A uniform limit of Sobolev functions is Sobolev?

Question

Let $\Omega \subseteq \mathbb{R}^n$ be an open set, and suppuse $f_n \in W^{1,p}(\Omega) \cap C(\Omega)$ uniformly converge to some $f$. Is it true that $f \in W^{1,p}(\Omega)$?

I guess not, but I don't have a counter example.

Answer 1

For a counterexample, let $n=1$, $\Omega=(0, 1)$, and let $f$ be any continuous function on $[0, 1]$ that is not in $W^{1,p}(\Omega)$ (e.g., $f(x) = x\sin(1/x)$, or take the Weierstrass function for extra emphasis.) Recall that any continuous function on $[0, 1]$ is a uniform limit of polynomials.
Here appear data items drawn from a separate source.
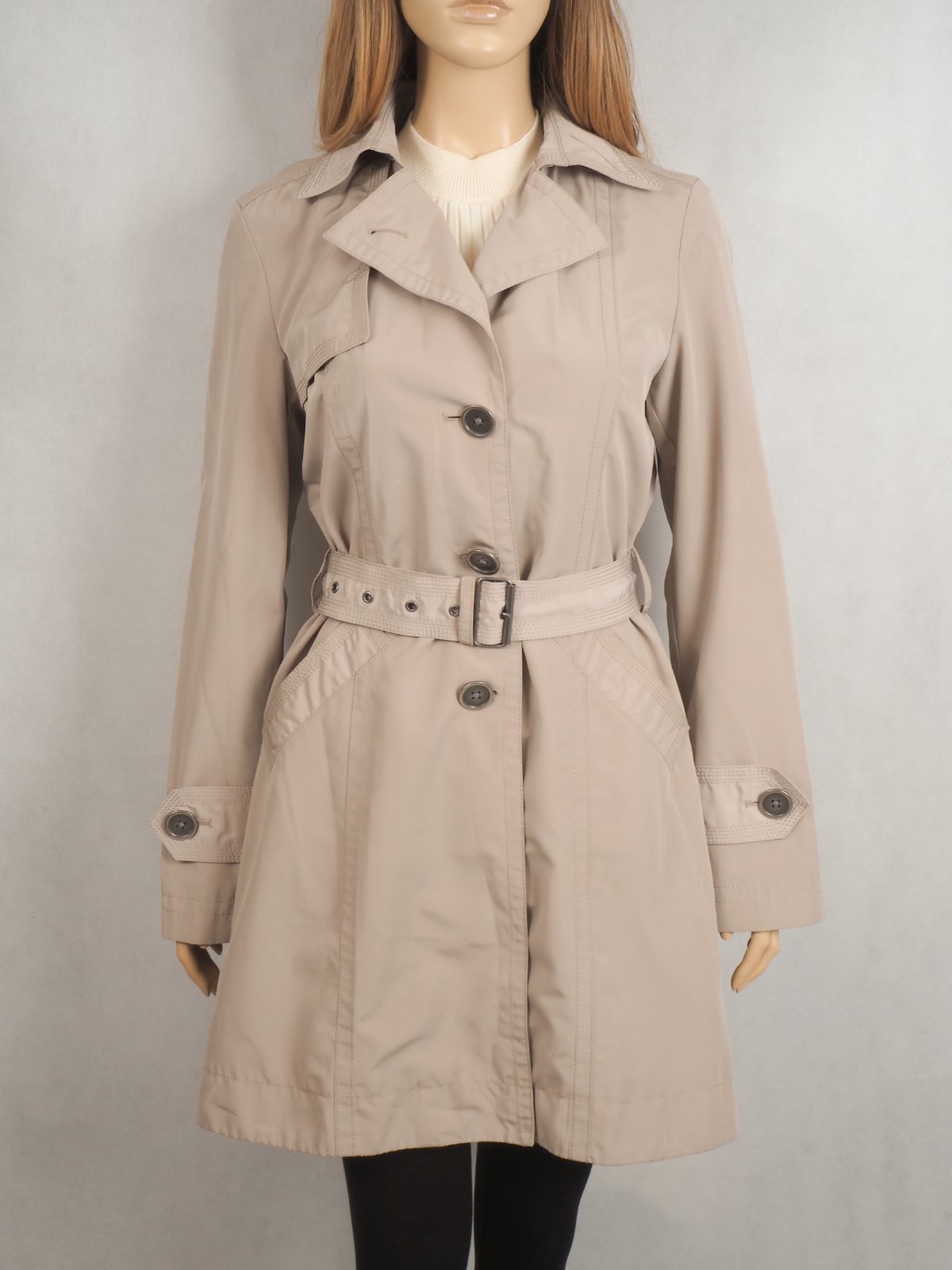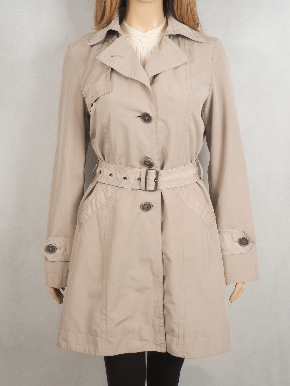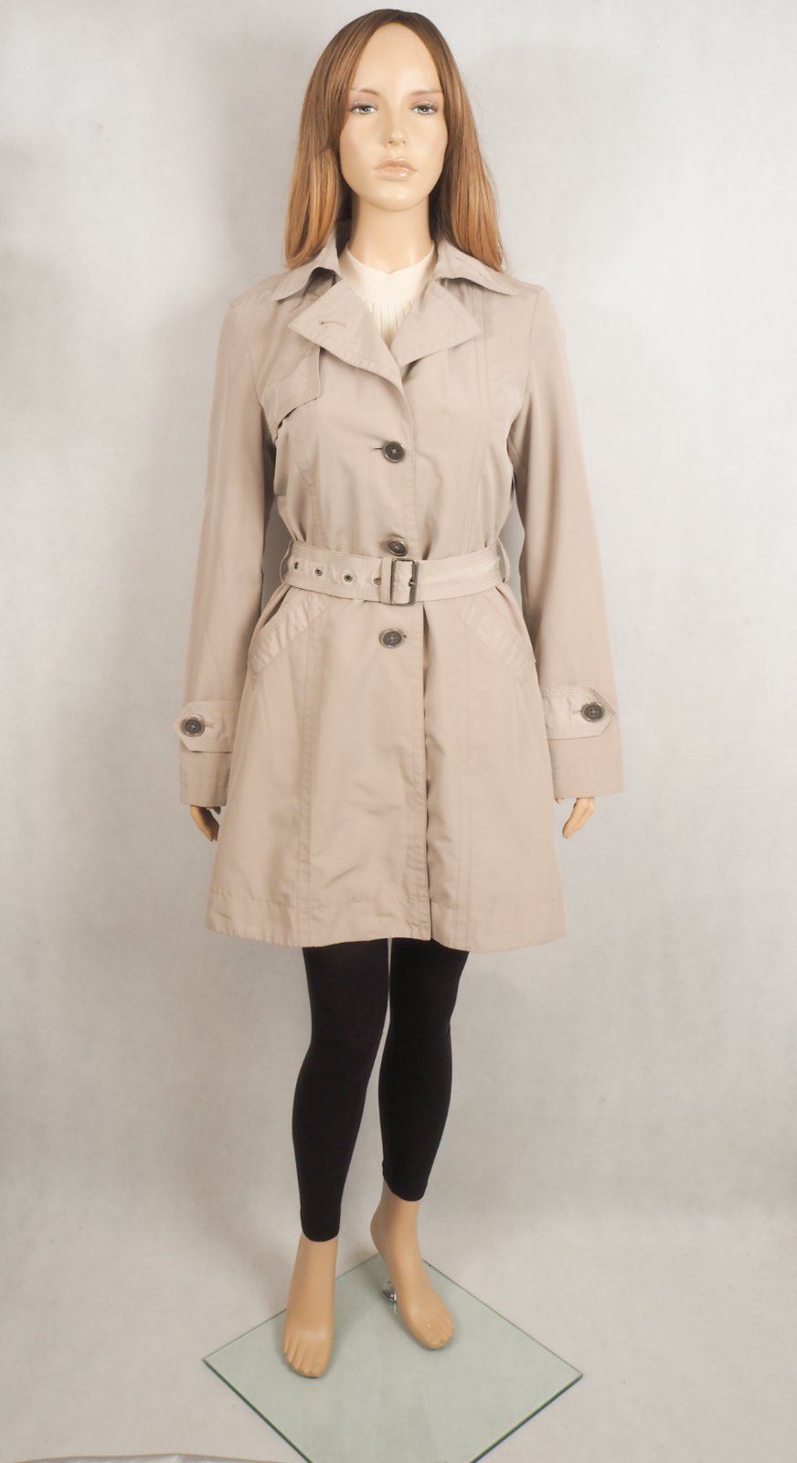 Kvalitný jarný trenčkot béžovej farby, zapínanie na gombíky, vypracovaný do detailov, materiál 100% polyester, podšívka acetát, super stav.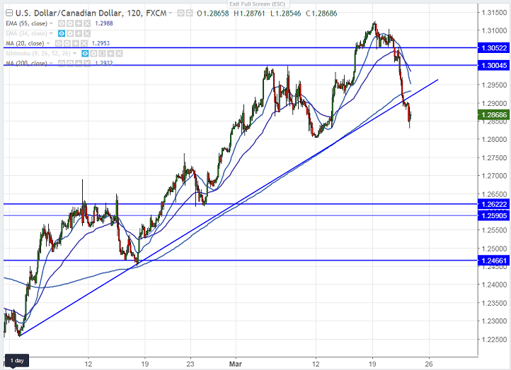 - USDCAD has broken major trend line support yesterday after US fed monetary policy meeting and declined till 1.28298. The decline pair has formed a temporary top around 1.31245 and dipped almost more than 300 pips from that level. The main reason for slight in Canadian dollar was due to good jump in crude oil prices. But downside is limited due to policy divergence between Fed and BOC. It is currently trading around 1.28695.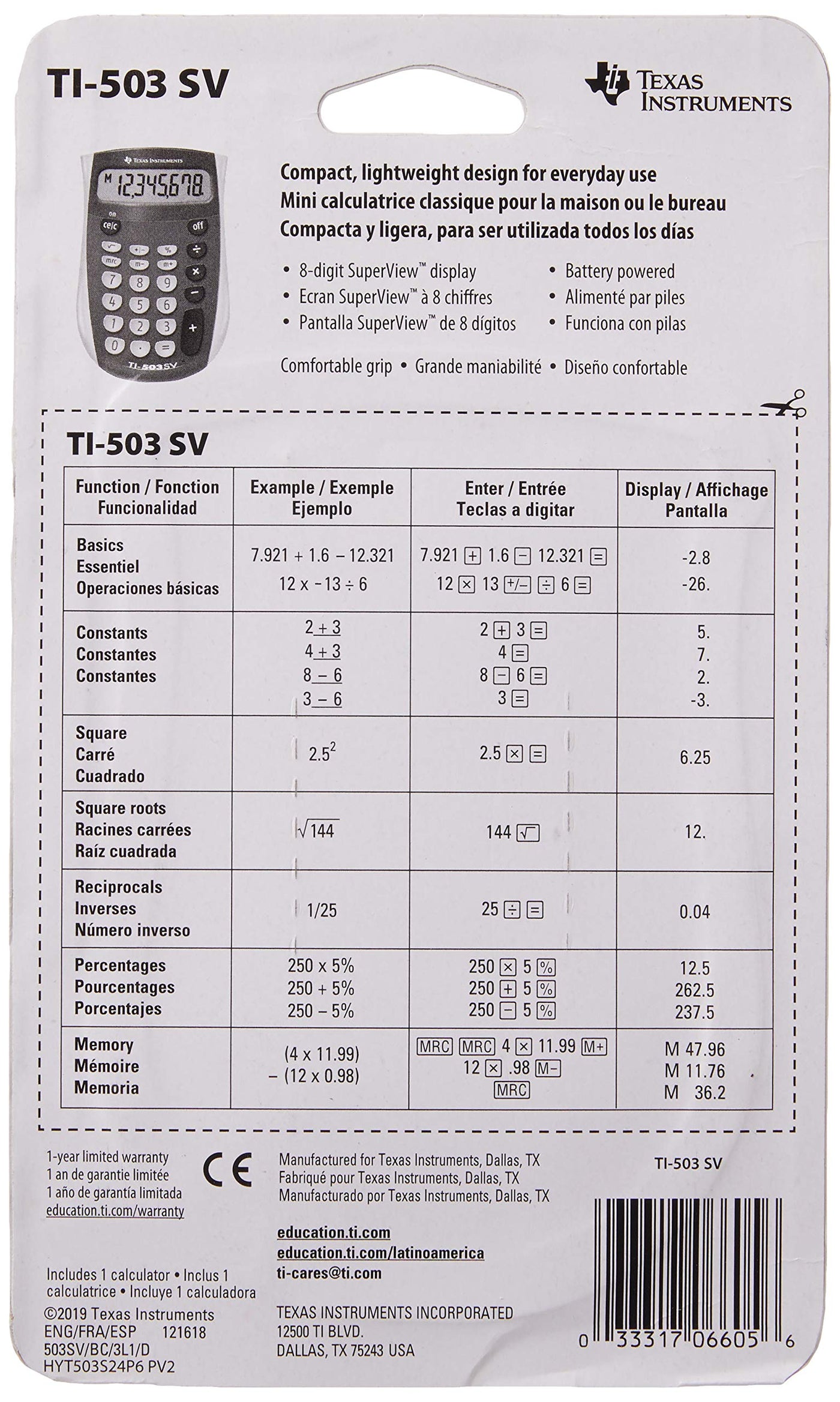 Pocket-size calculator with large display. An indispensable tool for students, households, and offices for quick math calculations, figuring finances, or converting cooking measurements, the TI-503SV pocket calculator is always at the ready with its large clear LCD, three-key memory, and battery-conserving operation. This compact unit measures just 5 by 3 by 0.5 inches and has a +/- switch key to simplify entering negative numbers. The 7-millimeter-tall character display is easy to read, and the soft large keys are comfortable to operate. The sizable eight-digit display is not sacrificed to the small size. Easy to use when traveling, in the kitchen, classroom, or home office, the TI-503SV is so economical you can have one in each room. Plus, an automatic shutoff feature conserves battery life. P.when('A').execute(function(A) { A.on('a:expander:toggle_description:toggle:collapse', function(data) { window.scroll(0, data.expander.$expander[0].offsetTop-100); }); }); From the Manufacturer This compact, economical calculator works well for either handheld or desktop use. It offers pocket-size convenience with a giant eight- digit SuperView display that provides easy, on-the-spot answers. The roomy keyboard has well-spaced rubber keys. The change sign (+/-) key simplifies entering negative numbers. The unit is battery powered for operation anywhere. The automatic power down (APD) feature conserves battery life. See more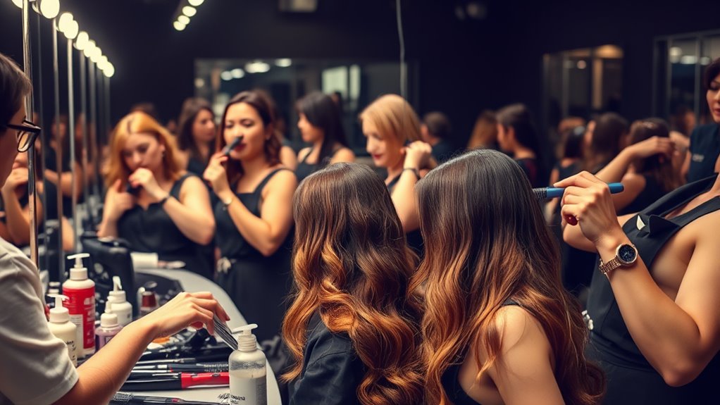 When handling quick changes during filming, you use specialized quick change techniques and styling rapid fire to save time. You prepare multiple hairstyles and accessories in advance, making shifts seamless. You stay organized, swiftly swapping wigs, hairpieces, or adjusting styles without disrupting the scene. Staying calm and efficient helps you meet tight schedules, ensuring each character looks perfect with minimal downtime. Your skill in quick change techniques keeps production running smoothly.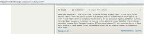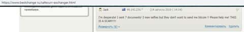 На изображении, расположенном ниже, вы можете наглядно увидеть и прочесть негативный комментарий в сторону аферистов Safe Currency, которые под предлогом обменника нагло развели очередного наивного пользователя сети интернет на деньги, после чего попросту стали тянуть время и нервировать клиента под довольно банальным предлогом верификации, которую у лохотрона Сейф Карренси не возможно пройти.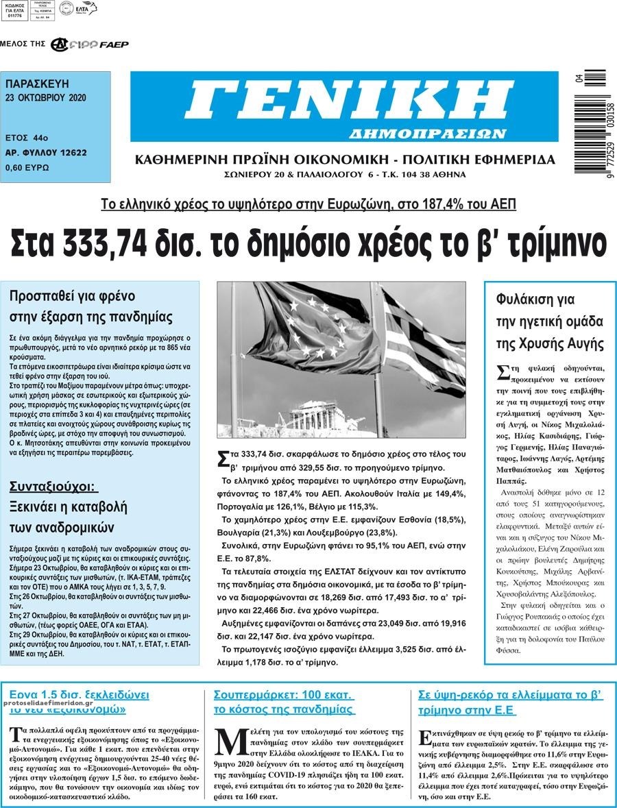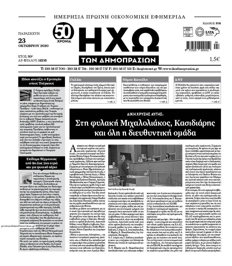 Οι οικονομικές εφημερίδες 23/10/2020 Σήφης Γαρυφαλάκης 06:08, Παρασκευή 23 Οκτωβρίου 2020 Media Διαβάστε τα πρωτοσέλιδα των οικονομικών εφημερίδων… ΕΦΗΜΕΡΙΔΕΣ ΟΙΚΟΝΟΜΙΚΕΣ ΕΦΗΜΕΡΙΔΕΣ ΠΡΩΤΟΣΕΛΙΔΑ ΠΡΩΤΟΣΕΛΙΔΑ ΕΦΗΜΕΡΙΔΩΝ Μοιράσου το: σχολίασε κι εσύ (0 σχόλια) Ακολουθήστε το enikos.gr στο Google News και μάθετε πρώτοι όλες τις ειδήσεις Δείτε όλες τις τελευταίες ειδήσεις από την Ελλάδα και τον Κόσμο στο enikos.gr Ειδήσεις Ροή Ειδήσεων 8 ώρες πριν Μητσοτάκης: Αναγκαία η μεταρρύθμιση του πρωτογενούς τομέα – Τα 6 νέα μέτρα για το στεγαστικό και οι αναφορές σε «Ιθάκη» και «πολιτικούς του καναπέ» 7 ώρες πριν Δάνεια σε ελβετικό φράγκο: Τα βασικά σημεία της ρύθμισης – ανάσας για 40.000 δανειολήπτες – Αναλυτικός οδηγός με ερωτήσεις και απαντήσεις 6 ώρες πριν Κυψέλη: Εξιτήριο πήρε η 14χρονη μαθήτρια που μαχαιρώθηκε από την 16χρονη σε σχολείο – «Θέλω να βοηθήσω το παιδί, έχει μπλέξει με κακές παρέες» 6 ώρες πριν Τραμπ: Γιατί κατέθεσε τώρα την αγωγή κατά του BBC – Πώς η κίνησή του εξυπηρετεί το νέο δόγμα του για «αντίσταση» στην Ευρώπη, υπέρ των συντηρητικών 7 ώρες πριν ΟΠΕΚΕΠΕ – Παράνομες επιδοτήσεις: Ελεύθεροι με περιοριστικούς όρους και οι 7 κατηγορούμενοι που απολογήθηκαν σήμερα 6 ώρες πριν Ανακαλύφθηκε βυθισμένη πέτρινη κατασκευή ανοιχτά της Κριμαίας – Αποτελεί μέρος αρχαίας ελληνικής αποικίας 7 ώρες πριν Ύπνος: Αυτό μπορεί να είναι το χειρότερο λάθος για το βιολογικό ρολόι σας, σύμφωνα με ειδικό 8 ώρες πριν Αριθμολογία: Οι άνθρωποι που έχουν γεννηθεί αυτές τις 3 ημερομηνίες, προσελκύουν μεγάλη τύχη πριν από το τέλος του 2025 10 ώρες πριν Οι 7 συμπεριφορές που μαρτυρούν ότι ένας άνδρας επενδύει μακροπρόθεσμα σε μια σχέση 2 λεπτά πριν Κολομβία: Νεκροί τέσσερις αστυνομικοί σε βομβιστικές επιθέσεις ανταρτών 10 λεπτά πριν Στάση εργασίας 11:00 – 17:00 σήμερα στα λεωφορεία του ΟΑΣΑ – Ποιες γραμμές θα λειτουργήσουν 26 λεπτά πριν Παλαιστινιακό: «Η λύση των δύο κρατών είναι ο μόνος βιώσιμος δρόμος», τόνισε η Ελλάδα στο Συμβούλιο Ασφαλείας του ΟΗΕ 33 λεπτά πριν Ελένη Καρακάση: «Ένιωθα πολύ αδικημένη, δεν μπορούσα να ελέγξω τον εαυτό μου σε δύσκολες στιγμές» 41 λεπτά πριν Κλαούδια Σέινμπαουμ προς Ντόναλντ Τραμπ για φαιντανύλη: Να επιτεθούμε στα αίτια κατανάλωσης αντί να την κατατάσσουμε στα «όπλα μαζικής καταστροφής» ENIKOS NETWORK Αίτημα ΙΣΑ για την εξαίρεση των προσωπικών γιατρών από τις κατ’ οίκον επισκέψεις Η σκανδιναβική μέθοδος στον ύπνο που μπορεί να σώσει έναν γάμο Πιερρακάκης: Ο προϋπολογισμός συμβάλλει ουσιαστικά στην ενίσχυση της αγοραστικής δύναμης της πλειονότητας των εργαζομένων e-ΕΦΚΑ: Παρατείνεται η προθεσμία για την υποβολή ΑΠΔ – Ποιους αφορά Σύγχρονος Νοστράδαμος: Προειδοποιεί για «μεγάλο γεγονός» τους επόμενους μήνες που θα συγκλονίσει τη Βρετανία και τον κόσμο Τεστ παρατηρητικότητας: Μπορείτε να βρείτε τις 3 διαφορές στις εικόνες με έναν πιγκουίνο σε 14 δευτερόλεπτα περισσότερα 20:06 , Τρίτη 16 Δεκεμβρίου 2025 Ο ΣΚΑΙ καταγγέλλει τον ΕΚΚΟΜΕΔ Επιστολή με την οποία καταγράφει την έντονη διαμαρτυρία του προς τον διευθύνοντα σύμβουλο του... 17:40 , Τρίτη 16 Δεκεμβρίου 2025 Eurovision: Στις 4 Ιανουαρίου αποκαλύπτονται τα 28 τραγούδια του ελληνικού τελικού Η αγωνία τελειώνει, η γιορτή της Eurovision αρχίζει στην ΕΡΤ από τις πρώτες ημέρες της νέας χρ... 17:09 , Τρίτη 16 Δεκεμβρίου 2025 Alter Ego Media: Βαθύτατη θλίψη και ειλικρινή συλλυπητήρια για την απώλεια της Ειρήνης Μαρινάκη Τη βαθύτατη θλίψη και τα ειλικρινή συ

However, the answer is yes if $1<p<\infty$ and the $W^{1,p}$ norms of $f_n$ are bounded by some constant independent of $n$. Indeed,

1. Since $W^{1,p}(\Omega)$ is reflexive, closed balls are weakly compact; hence, there is a weakly convergent subsequence $f_{n_k}\to g$, where $g\in W^{1,p}(\Omega)$.
2. We have $f_{n_k}\to f$ uniformly, hence $f_{n_k}\to f$ in the sense of distributions. We also have $f_{n_k}\to g$ weakly, hence $f_{n_k}\to g$ in the sense of distributions. And since a distributional limit is unique, $f=g$.
3. Conclusion: $f\in W^{1,p}(\Omega)$.

The above argument still works for $p=\infty$, using weak* topology. It fails for $p=1$, and so does the result: a bounded sequence in $W^{1,1}$ may converge uniformly to a function that is not in $W^{1,1}$.